# O/T car show



## slotnewbie69 (Dec 3, 2008)

heres some car show pics for y'all.enjoy!my boy and i had a blast:wave:








jag V12
























1925 la france,and my boy


----------



## slotcarman12078 (Oct 3, 2008)

Nice batch newbie!! 1st and last are really sweet! The lil dude is growing fast too!! :thumbsup::thumbsup:


----------



## kiwidave (Jul 20, 2009)

The red 36? in the last pic is way cool. First thing I noticed was the "38 KIWI" tags. Very cool!


----------



## slotnewbie69 (Dec 3, 2008)

and some more...








fairlane









































el torro!olds


----------



## slotnewbie69 (Dec 3, 2008)

and more...
















La Solo








studebaker pres








gt/cs w/cobra 289


----------



## slotnewbie69 (Dec 3, 2008)

and more...
1917 la france touring car








gt350








studebaker hawk








real live yenko w/427








nice buick































signed by carrol shelby gt350


----------



## slotnewbie69 (Dec 3, 2008)

and a few more...
custom made racer








































this thing is great!







:wave:


----------



## slotnewbie69 (Dec 3, 2008)

kiwidave said:


> The red 36? in the last pic is way cool. First thing I noticed was the "38 KIWI" tags. Very cool!

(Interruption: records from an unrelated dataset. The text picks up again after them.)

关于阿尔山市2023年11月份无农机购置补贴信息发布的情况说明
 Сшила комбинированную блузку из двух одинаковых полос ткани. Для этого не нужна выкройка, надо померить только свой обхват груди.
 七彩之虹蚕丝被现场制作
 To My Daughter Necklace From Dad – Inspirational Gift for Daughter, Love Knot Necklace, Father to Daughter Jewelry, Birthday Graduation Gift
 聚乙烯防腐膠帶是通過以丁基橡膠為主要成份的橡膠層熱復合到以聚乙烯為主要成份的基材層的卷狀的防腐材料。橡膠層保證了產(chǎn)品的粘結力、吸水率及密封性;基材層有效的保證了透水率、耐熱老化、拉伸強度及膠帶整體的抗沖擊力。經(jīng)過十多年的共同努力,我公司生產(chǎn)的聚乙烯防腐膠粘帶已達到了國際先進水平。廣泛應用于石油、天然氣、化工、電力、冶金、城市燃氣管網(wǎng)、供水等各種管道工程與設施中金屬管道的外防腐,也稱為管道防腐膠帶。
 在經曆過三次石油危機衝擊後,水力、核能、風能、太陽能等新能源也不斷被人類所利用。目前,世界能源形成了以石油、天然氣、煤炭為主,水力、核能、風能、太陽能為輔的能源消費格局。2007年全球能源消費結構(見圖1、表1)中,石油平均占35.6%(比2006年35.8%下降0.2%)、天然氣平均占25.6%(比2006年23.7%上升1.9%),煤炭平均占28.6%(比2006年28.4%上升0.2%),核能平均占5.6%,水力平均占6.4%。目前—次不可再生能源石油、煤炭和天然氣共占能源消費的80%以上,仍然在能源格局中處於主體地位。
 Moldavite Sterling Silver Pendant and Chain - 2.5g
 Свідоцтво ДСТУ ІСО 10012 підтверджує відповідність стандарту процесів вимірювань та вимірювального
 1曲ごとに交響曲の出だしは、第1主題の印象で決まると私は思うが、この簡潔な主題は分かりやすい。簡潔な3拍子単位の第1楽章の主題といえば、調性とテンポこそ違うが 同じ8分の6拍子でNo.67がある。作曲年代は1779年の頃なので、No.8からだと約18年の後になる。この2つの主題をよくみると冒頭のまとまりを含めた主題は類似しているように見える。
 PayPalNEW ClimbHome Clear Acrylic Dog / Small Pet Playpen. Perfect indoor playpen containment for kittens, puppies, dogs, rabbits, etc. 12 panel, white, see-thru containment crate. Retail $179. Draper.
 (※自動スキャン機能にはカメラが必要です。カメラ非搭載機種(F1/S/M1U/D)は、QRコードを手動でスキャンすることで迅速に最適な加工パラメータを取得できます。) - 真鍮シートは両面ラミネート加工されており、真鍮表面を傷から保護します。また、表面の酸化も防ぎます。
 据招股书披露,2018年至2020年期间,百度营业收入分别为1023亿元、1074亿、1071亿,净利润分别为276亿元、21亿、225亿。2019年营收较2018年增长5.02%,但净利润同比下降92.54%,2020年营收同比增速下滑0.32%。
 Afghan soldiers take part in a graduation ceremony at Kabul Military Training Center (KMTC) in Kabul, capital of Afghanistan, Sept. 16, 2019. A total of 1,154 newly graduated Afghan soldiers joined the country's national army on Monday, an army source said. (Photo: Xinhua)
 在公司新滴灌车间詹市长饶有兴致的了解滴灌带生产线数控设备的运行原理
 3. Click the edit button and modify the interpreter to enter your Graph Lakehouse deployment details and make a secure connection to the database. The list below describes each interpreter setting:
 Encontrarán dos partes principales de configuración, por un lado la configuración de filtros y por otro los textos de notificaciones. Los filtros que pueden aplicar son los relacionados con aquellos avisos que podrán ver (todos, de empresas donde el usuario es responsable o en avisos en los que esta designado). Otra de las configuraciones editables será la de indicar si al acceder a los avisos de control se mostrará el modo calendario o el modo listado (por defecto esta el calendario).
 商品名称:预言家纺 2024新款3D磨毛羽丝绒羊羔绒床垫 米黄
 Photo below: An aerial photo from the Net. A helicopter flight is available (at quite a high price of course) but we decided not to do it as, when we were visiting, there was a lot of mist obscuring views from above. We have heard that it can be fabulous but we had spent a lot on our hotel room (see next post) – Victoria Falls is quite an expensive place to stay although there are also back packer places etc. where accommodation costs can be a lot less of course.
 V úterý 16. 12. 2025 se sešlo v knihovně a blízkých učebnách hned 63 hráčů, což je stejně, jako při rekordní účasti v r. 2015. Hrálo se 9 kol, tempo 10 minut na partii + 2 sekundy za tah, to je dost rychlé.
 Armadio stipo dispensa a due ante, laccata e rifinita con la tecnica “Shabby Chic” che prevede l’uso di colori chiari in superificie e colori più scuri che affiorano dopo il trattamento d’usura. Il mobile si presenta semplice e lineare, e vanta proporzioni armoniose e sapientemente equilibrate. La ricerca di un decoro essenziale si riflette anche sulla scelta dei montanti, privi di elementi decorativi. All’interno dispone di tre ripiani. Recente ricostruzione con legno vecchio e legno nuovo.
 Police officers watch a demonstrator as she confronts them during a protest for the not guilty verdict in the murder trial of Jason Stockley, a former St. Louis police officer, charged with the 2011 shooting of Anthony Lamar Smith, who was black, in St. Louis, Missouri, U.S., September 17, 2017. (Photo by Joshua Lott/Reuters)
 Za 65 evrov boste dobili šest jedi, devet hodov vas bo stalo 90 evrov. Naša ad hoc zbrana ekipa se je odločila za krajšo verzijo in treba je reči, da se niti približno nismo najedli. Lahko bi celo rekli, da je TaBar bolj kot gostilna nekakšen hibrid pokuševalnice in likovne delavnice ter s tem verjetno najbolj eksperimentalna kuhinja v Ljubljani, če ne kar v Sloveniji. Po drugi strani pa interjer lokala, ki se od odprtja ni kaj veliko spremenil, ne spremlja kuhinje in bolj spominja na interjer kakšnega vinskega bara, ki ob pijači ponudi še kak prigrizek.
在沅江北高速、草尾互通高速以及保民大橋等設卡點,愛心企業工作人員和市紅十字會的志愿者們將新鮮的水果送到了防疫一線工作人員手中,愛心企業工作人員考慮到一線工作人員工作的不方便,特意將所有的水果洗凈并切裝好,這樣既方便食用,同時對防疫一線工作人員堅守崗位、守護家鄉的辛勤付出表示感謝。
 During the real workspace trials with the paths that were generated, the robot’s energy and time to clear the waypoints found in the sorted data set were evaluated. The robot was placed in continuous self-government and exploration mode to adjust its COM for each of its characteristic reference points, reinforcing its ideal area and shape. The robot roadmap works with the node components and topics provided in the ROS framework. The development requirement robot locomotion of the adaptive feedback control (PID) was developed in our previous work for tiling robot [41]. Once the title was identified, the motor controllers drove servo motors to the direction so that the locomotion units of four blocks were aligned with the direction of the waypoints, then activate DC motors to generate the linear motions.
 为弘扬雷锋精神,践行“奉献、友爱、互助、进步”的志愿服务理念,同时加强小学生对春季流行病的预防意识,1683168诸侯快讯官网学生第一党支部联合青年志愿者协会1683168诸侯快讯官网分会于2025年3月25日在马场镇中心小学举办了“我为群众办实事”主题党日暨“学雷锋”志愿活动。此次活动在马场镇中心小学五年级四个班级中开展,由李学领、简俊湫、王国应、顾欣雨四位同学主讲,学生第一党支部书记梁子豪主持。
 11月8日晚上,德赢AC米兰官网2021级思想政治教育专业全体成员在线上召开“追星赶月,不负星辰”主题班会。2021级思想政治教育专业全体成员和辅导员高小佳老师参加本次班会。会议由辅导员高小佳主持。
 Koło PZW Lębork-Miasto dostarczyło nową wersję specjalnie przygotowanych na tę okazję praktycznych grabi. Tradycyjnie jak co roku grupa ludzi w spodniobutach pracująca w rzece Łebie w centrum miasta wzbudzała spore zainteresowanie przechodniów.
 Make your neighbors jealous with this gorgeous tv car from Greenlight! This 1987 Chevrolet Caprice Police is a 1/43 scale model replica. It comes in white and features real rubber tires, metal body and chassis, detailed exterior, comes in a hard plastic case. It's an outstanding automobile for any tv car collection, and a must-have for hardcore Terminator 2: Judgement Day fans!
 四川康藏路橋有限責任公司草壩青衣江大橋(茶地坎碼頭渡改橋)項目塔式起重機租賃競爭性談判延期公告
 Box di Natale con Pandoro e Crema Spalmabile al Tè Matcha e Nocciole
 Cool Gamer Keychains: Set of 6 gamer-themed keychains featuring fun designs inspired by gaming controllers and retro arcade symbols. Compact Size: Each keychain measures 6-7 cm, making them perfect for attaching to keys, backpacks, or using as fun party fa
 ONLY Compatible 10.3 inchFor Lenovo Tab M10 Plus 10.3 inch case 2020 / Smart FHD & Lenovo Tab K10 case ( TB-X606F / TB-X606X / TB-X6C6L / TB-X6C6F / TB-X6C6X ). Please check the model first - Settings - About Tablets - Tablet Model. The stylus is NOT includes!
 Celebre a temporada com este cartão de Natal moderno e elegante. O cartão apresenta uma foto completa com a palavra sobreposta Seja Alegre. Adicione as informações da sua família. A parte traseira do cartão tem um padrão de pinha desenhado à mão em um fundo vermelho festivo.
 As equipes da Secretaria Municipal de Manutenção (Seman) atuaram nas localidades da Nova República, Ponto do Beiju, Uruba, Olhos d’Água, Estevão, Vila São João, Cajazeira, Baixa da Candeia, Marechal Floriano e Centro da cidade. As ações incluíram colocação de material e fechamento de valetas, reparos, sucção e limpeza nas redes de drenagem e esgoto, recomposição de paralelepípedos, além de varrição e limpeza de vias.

yeah i thought you'd like that dave!that red rod is a chopped and channeled 39 chev,with air bags


----------



## slotnewbie69 (Dec 3, 2008)

slotcarman12078 said:


> Nice batch newbie!! 1st and last are really sweet! The lil dude is growing fast too!! :thumbsup::thumbsup:


yeah hes a growin boy all right!cheers!


----------



## Dslot (Sep 2, 2007)

Whatzit? Some VW-based kitcar? 

VW turn indicators. Nosejobbed Sabra-style bumperettes. Fake wires. Something like '63 Chevy taillights. Don't recall ever seeing a rear-facing hood-scoop on a trunk; the thing is probably a _screamer_ in reverse.  Unless there's a minigun behind that slit to discourage pursuit. Very James Bond. 

Kinda cool, actually, except for that gimmicky taillight panel.

-- D


----------



## slotnewbie69 (Dec 3, 2008)

its actually a behrens,63 i think,yeah totally james bondi knew this was the one you commented on to,D.lol!before i checked.neato stuff all around


----------



## Dslot (Sep 2, 2007)

(Chuckle) Just keep those pix of oddities and peculiarities coming.

 So what is a Behrens - A kit? A low-production sportscar? A prototype? From where? Fiberglass or metal? What years, if any, besides '63? 

Looks to be based on a VW or Porsche (not that there was that much difference, in '63). 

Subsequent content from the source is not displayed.